BeautifulSoup Selectors: A Practical Deep Dive

May 27, 2025 · 1 min read

Most BeautifulSoup scrapers use maybe 20% of what .select() supports. Here are the selectors that actually come up.

# Attribute that starts with, ends with, contains
soup.select('a[href^="/product/"]')
soup.select('img[src$=".jpg"]')
soup.select('div[class*="price"]')

# Nth-child and nth-of-type
soup.select('table tr:nth-of-type(n+2)')   # skip header row

# Negation
soup.select('li:not(.sold-out)')

# Direct child vs. descendant
soup.select('article > p')    # direct children only
soup.select('article p')      # any descendant

The one I reach for most: [class*="..."] matching. Sites frequently hash class names for production builds ( price_x7fK), and substring matching survives those rebuilds where exact match doesn’t.

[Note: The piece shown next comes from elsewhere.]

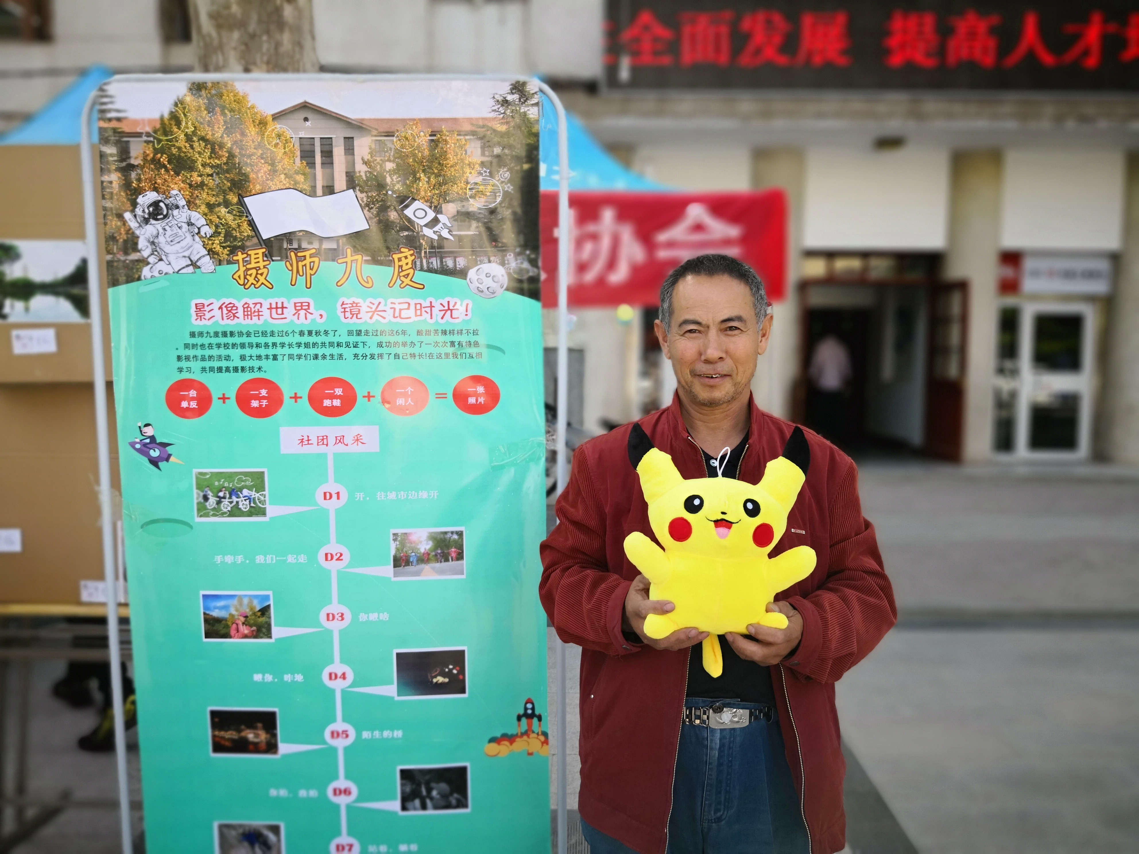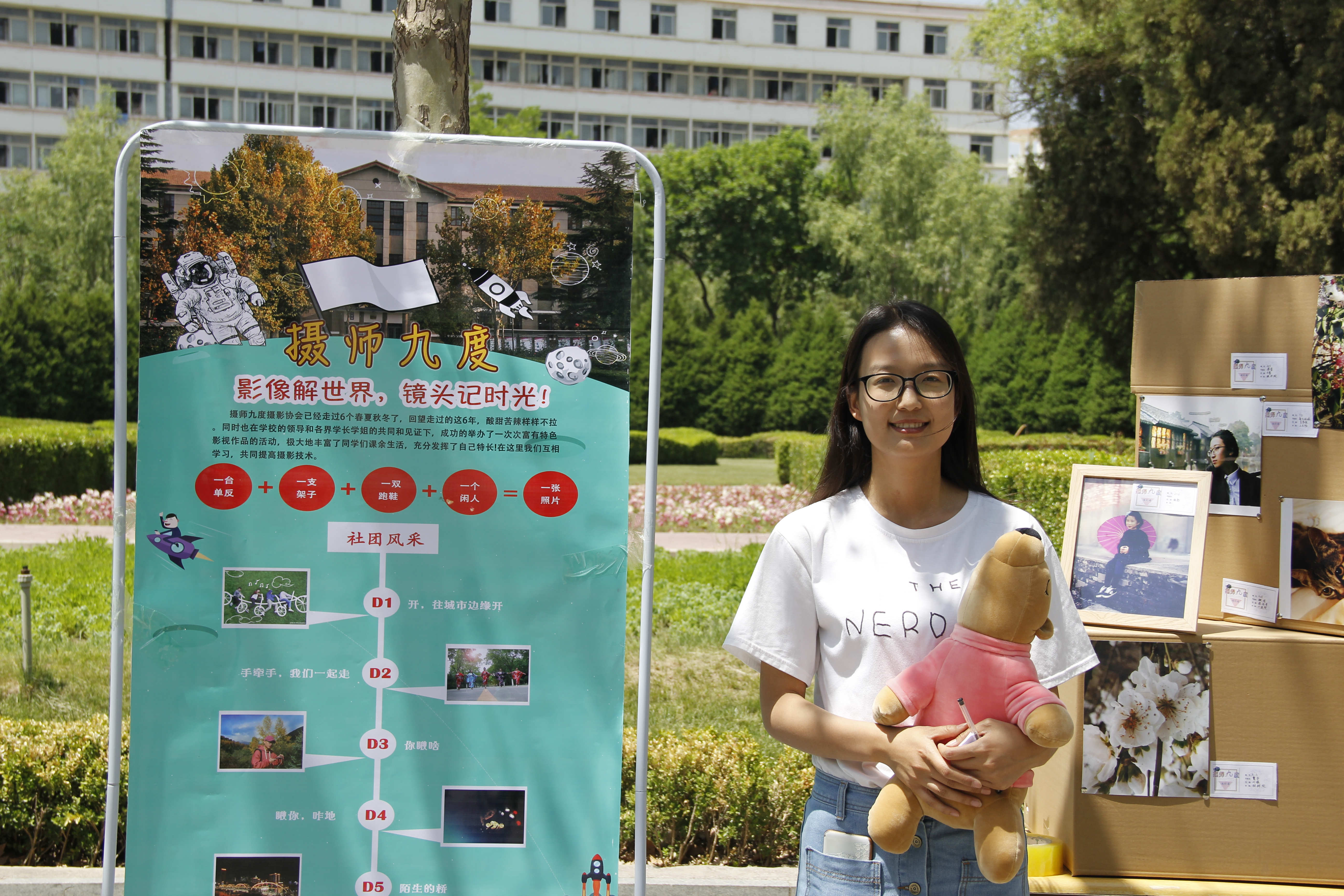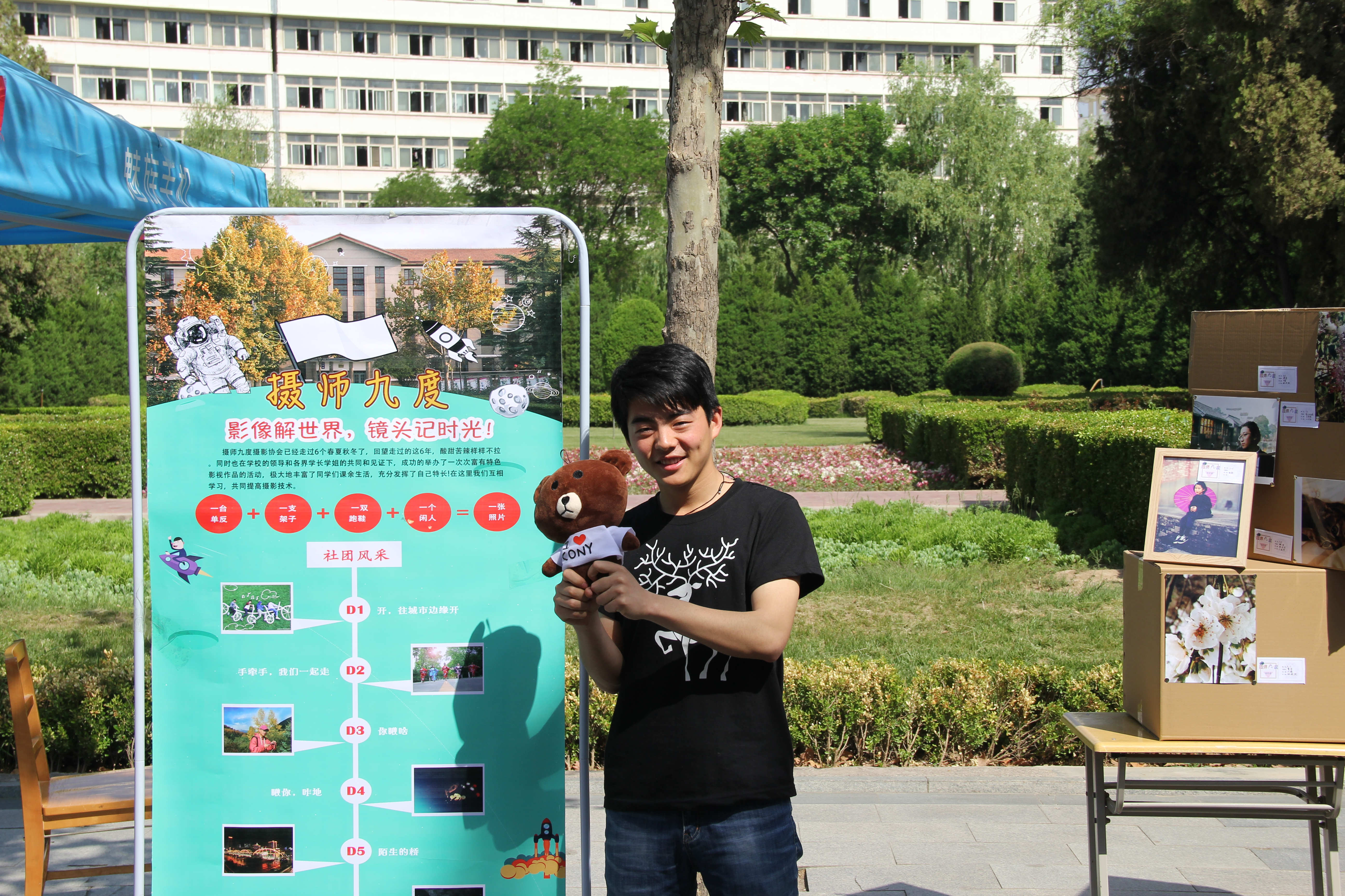 在这些纸箱子的间隙放着用相框装裱起来的各色照片,在木质相框的衬托下照片愈发精美。在这堆纸箱的两头,行道树的麻绳上同样挂着照片,这些挂在麻绳上的照片是社团历届摄影展的作品,本次摄影展特设此专区回顾过去。

What BeautifulSoup’s select() doesn’t support: :has(), :contains() (BS had its own, non-standard version — don’t rely on it). If you need those, use lxml.html with XPath, or prefilter with select and then iterate with a plain Python condition:

labels = [el for el in soup.select('label') if 'Price' in el.get_text()]

That combination — CSS for structure, Python for text predicates — handles nearly every real page.